5 x 10³ bEND 3.1 cells were incubated in the presence of 0.5 µM of either GST or S3ED. Error bars represent SD. One-way ANOVA with Bonferroni multiple comparisons was used to compare S3ED to relative UT control showing no statistically significant difference between the two at after 9 and 24 hours.

Discussion

Here we show for the first time that the ectodomain of syndecan-3, like the other syndecan family members, has cell adhesion regulatory properties and acts as an inhibitor of angiogenesis. This strongly suggests that adhesion regulatory domains in syndecan extracellular core domains exist in all four family members and also provides further insight as to how these molecules function.

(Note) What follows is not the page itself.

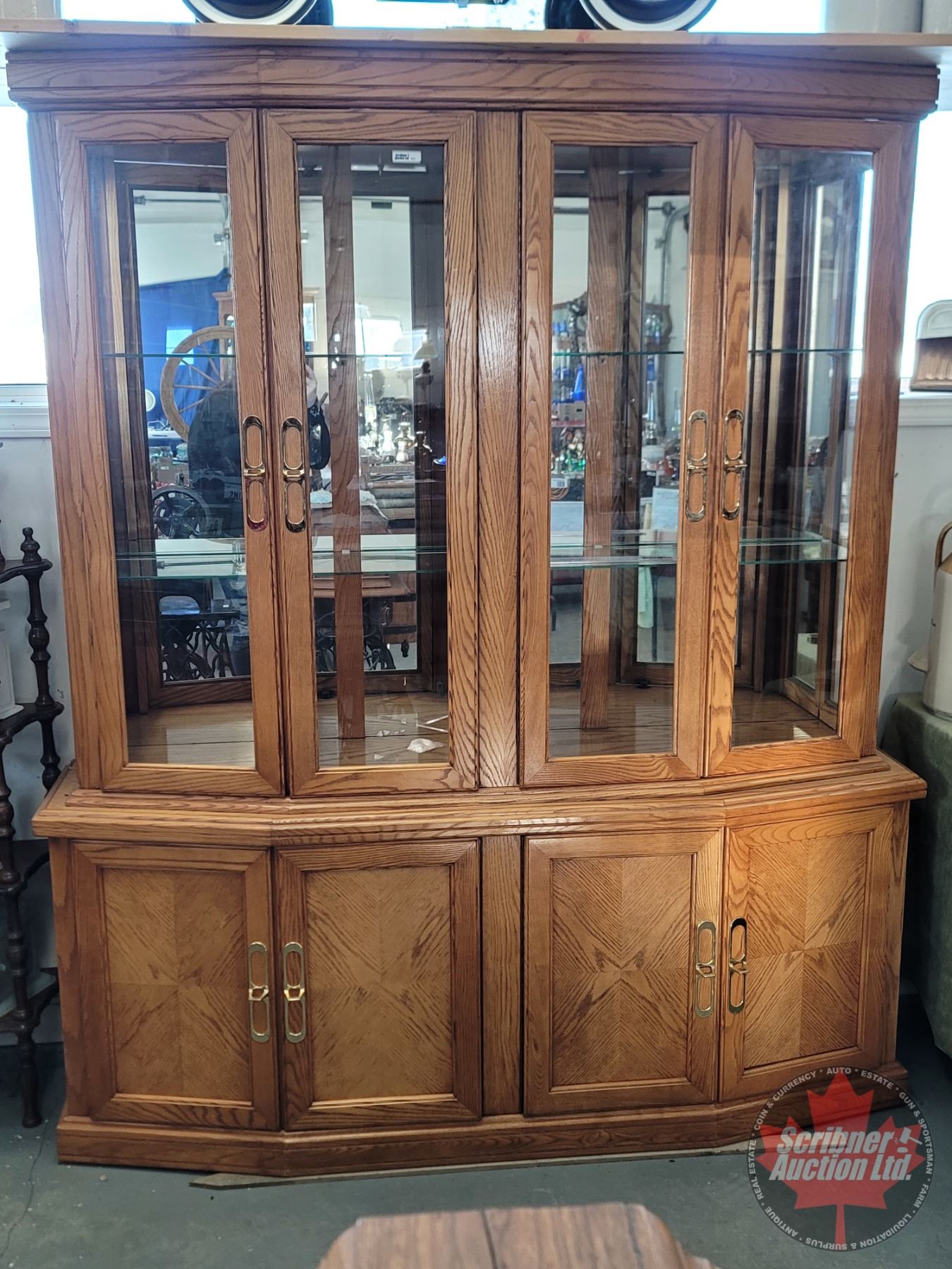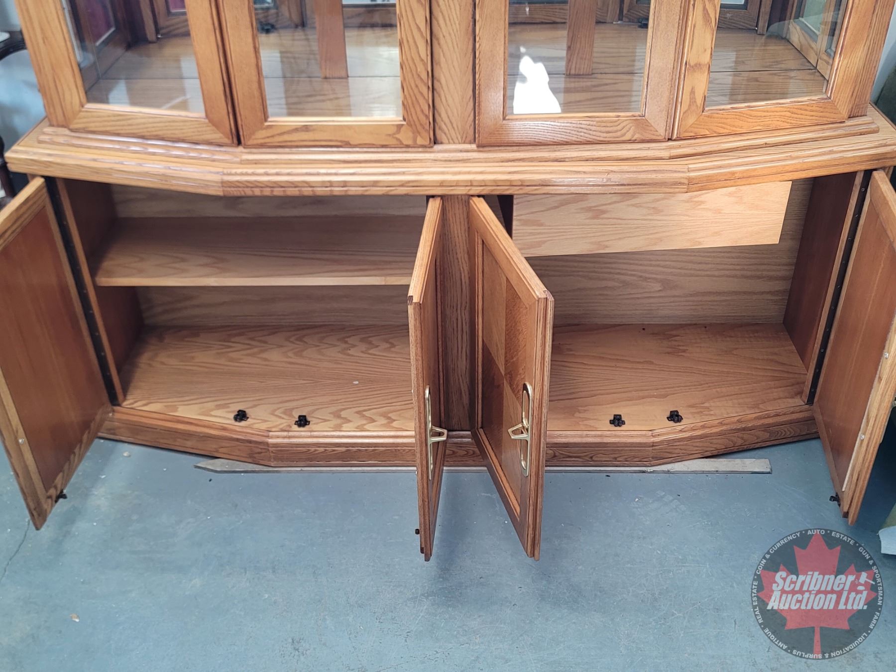 China Cabinet : 2 Piece : Upper 4 Glass Doors : 2 Glass Shelves :

Interestingly, there is very little sequence homology between syndecan ectodomains³², and the adhesion regulatory motifs identified in syndecan-1,-2 and -4 are not present in S3ED. In addition, syndecan-3 is unique amongst the family since its core protein possesses a mucin-rich domain and it is likely that these O-linked sugars will also have a role in its molecular interactions. Although syndecan-3 expression is mostly associated with cells of the nervous system, it has also been found to be associated with cells related to maternal and foetal circulation³³. Vascular defects in the syndecan-3 null mouse have not been reported but the identification of S3ED as a regulator of angiogenesis suggests that this may be a fertile area for future research. This work identifies syndecan-3 as a potential therapeutic target in pathologies where angiogenesis is a feature.